Lockheed-Martin delivers 500th F-35 as global fleet surpasses 250,000 flight hours

Lockheed Martin and the F-35 Joint Program Office have announced the delivery of the 500th F-35, with the global F-35 fleet surpassing 250,000 flight hours sometime in February.

In a news release, Lockheed-Martin said that the 500th production aircraft is a U.S. Air Force F-35A, to be delivered to the Burlington Air National Guard Base in Vermont. The 500 hundred F-35s include 354 F-35A conventional takeoff and landing (CTOL) variants, 108 F-35B short takeoff/vertical landing (STOVL) variants and 38 F-35C carrier (CV) variants for the U.S. and international customers.

Meanwhile, the 250,000 flight hours include all F-35s in the fleet comprised of developmental test jets, training, operational, U.S. and international aircraft.

“These milestones are a testament to the talent and dedication of the joint government, military and industry teams,” said Greg Ulmer, Lockheed Martin, Vice President and General Manager of the F-35 program. “The F-35 is delivering an unprecedented 5th Generation combat capability to the warfighter at the cost of a 4th Generation legacy aircraft.”

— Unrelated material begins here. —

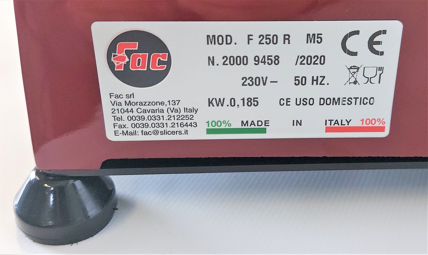 AFFETTATRICE MOD. F250R CE PER USO DOMESTICO ROSSA 230V 50HZ
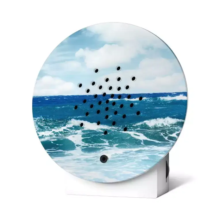 Met dit beperkte designmotief is de Atlantische Oceaan altijd dichtbij. Luister naar het geluid van de golven, proef het zout in de lucht en voel je verfrist. Het beperkte designmotief “Blue Atlantic” maakt het geluid van de Oceanbox nog authentieker. Profiteer nu!

The F-35 operates from 23 bases worldwide. More than 985 pilots and over 8,890 maintainers are trained.  Nine nations use the F-35 from their home soil, eight services have declared Initial Operating Capability and four services have employed F-35s in combat operations.

These nine nations include Australia, which has 72 F-35As on order to replace its fleet of F/A-18A/B Classic Hornets, which will be retired from Royal Australian Air Force service by 2023.

In addition, the F-35 has also been selected in recent months by Belgium, Poland and Singapore to replace their own legacy fighter fleets.